### EXERCISE DESCRIPTION
A picture-free, exact reproduction of the listing that follows is required.

### DATA SECTION
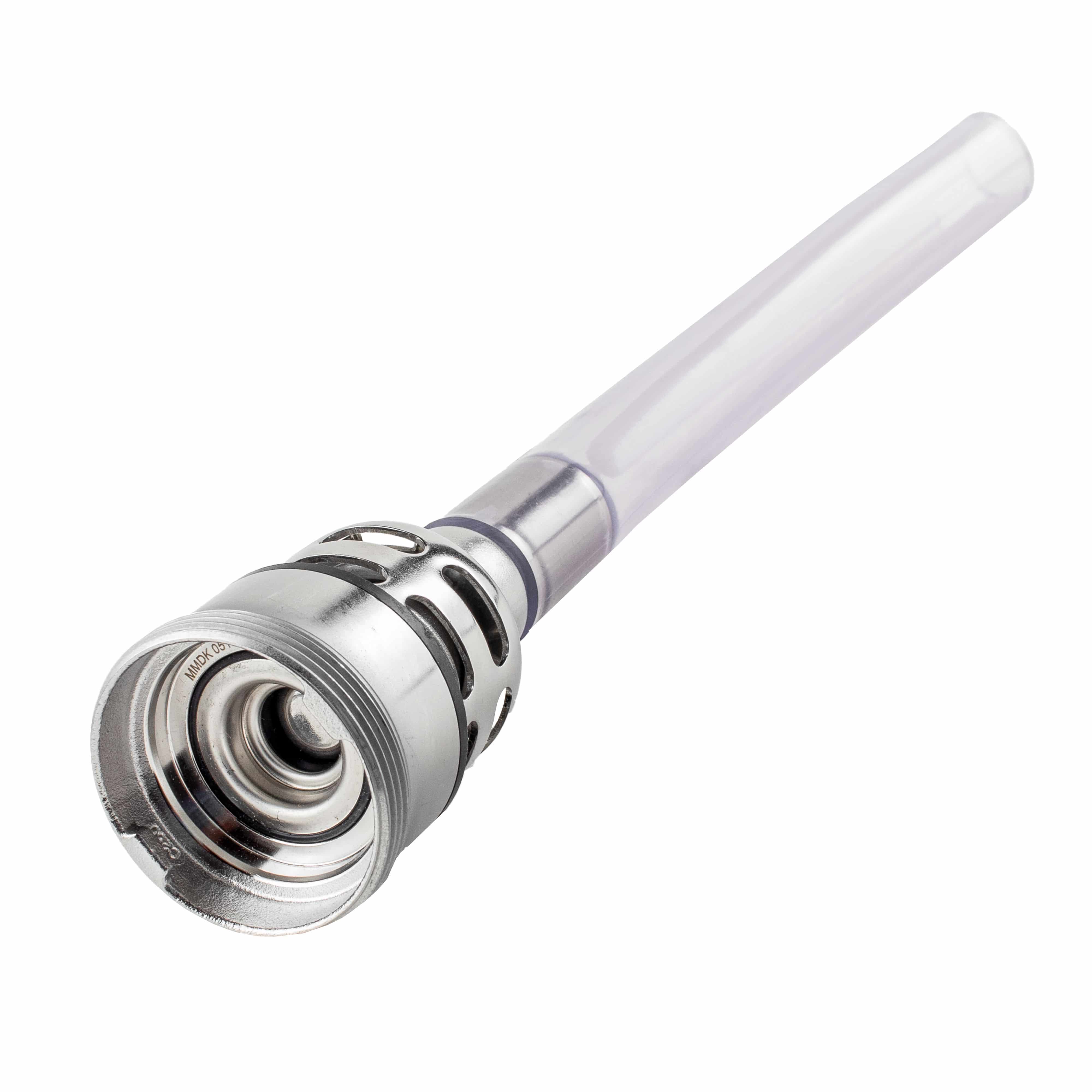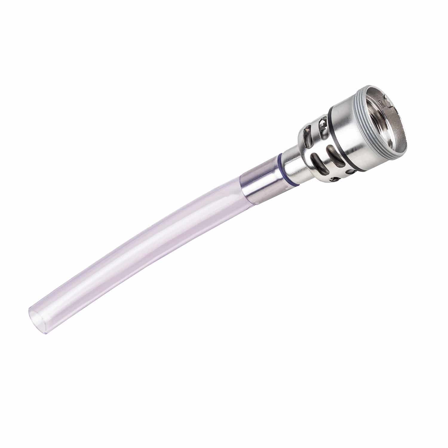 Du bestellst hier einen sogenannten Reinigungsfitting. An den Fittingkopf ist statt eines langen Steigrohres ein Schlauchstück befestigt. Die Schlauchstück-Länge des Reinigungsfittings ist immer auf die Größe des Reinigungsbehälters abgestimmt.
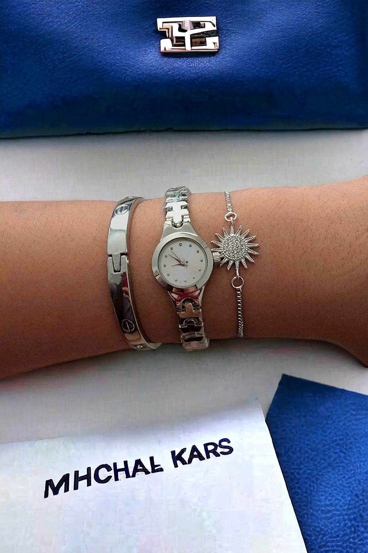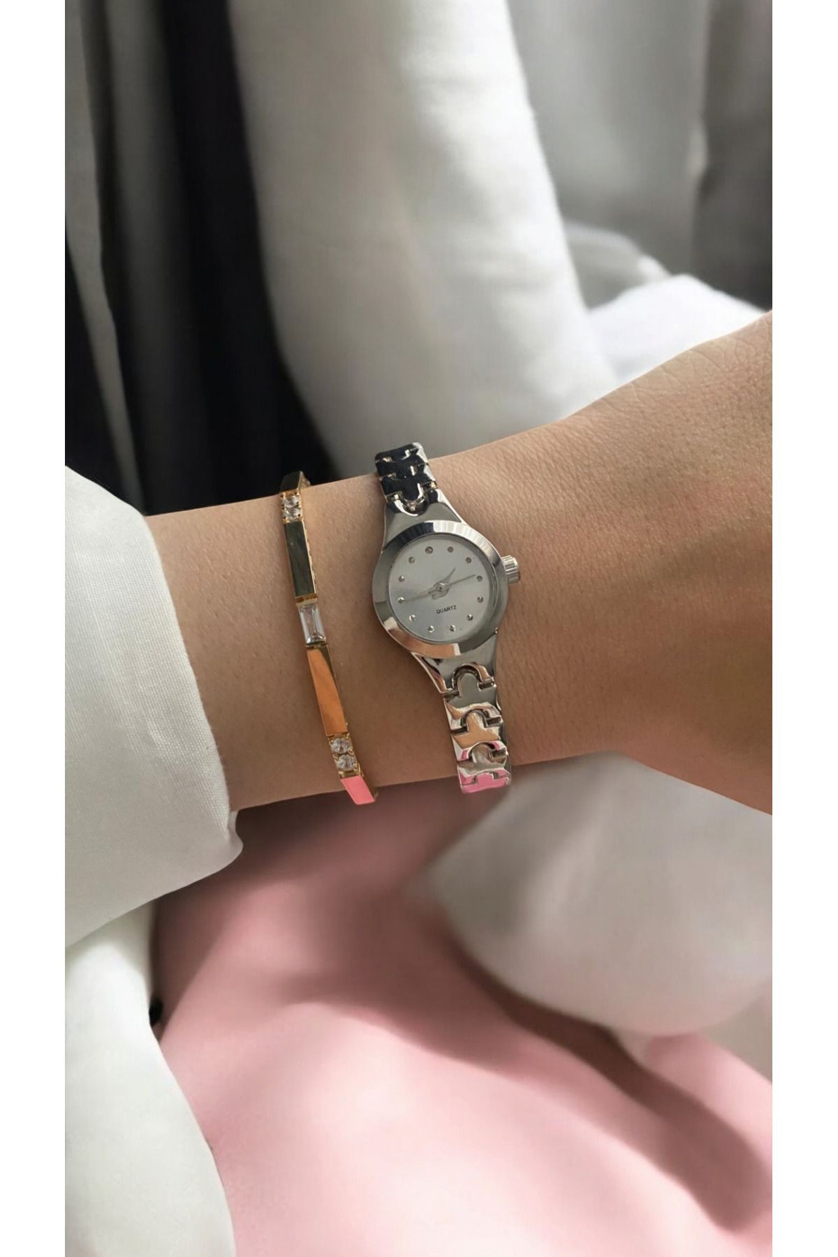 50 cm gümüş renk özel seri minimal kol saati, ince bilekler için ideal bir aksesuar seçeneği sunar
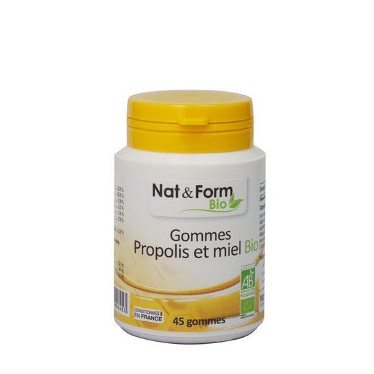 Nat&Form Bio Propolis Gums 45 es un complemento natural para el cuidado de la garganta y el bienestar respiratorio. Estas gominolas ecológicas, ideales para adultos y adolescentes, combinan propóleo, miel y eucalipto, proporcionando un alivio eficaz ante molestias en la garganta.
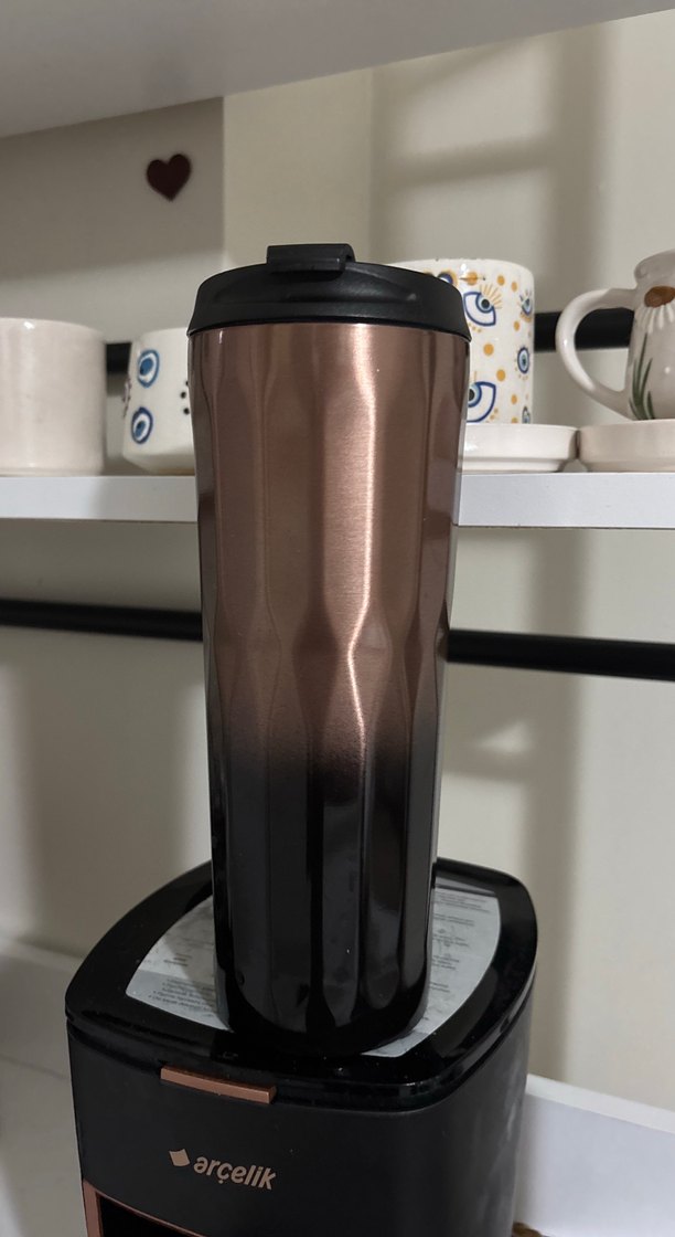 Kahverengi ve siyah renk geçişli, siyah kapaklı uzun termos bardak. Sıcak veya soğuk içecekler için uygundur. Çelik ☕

### SOLVED EXERCISE
 Du bestellst hier einen sogenannten Reinigungsfitting. An den Fittingkopf ist statt eines langen Steigrohres ein Schlauchstück befestigt. Die Schlauchstück-Länge des Reinigungsfittings ist immer auf die Größe des Reinigungsbehälters abgestimmt.
 50 cm gümüş renk özel seri minimal kol saati, ince bilekler için ideal bir aksesuar seçeneği sunar
 Nat&Form Bio Propolis Gums 45 es un complemento natural para el cuidado de la garganta y el bienestar respiratorio. Estas gominolas ecológicas, ideales para adultos y adolescentes, combinan propóleo, miel y eucalipto, proporcionando un alivio eficaz ante molestias en la garganta.
 Kahverengi ve siyah renk geçişli, siyah kapaklı uzun termos bardak. Sıcak veya soğuk içecekler için uygundur. Çelik ☕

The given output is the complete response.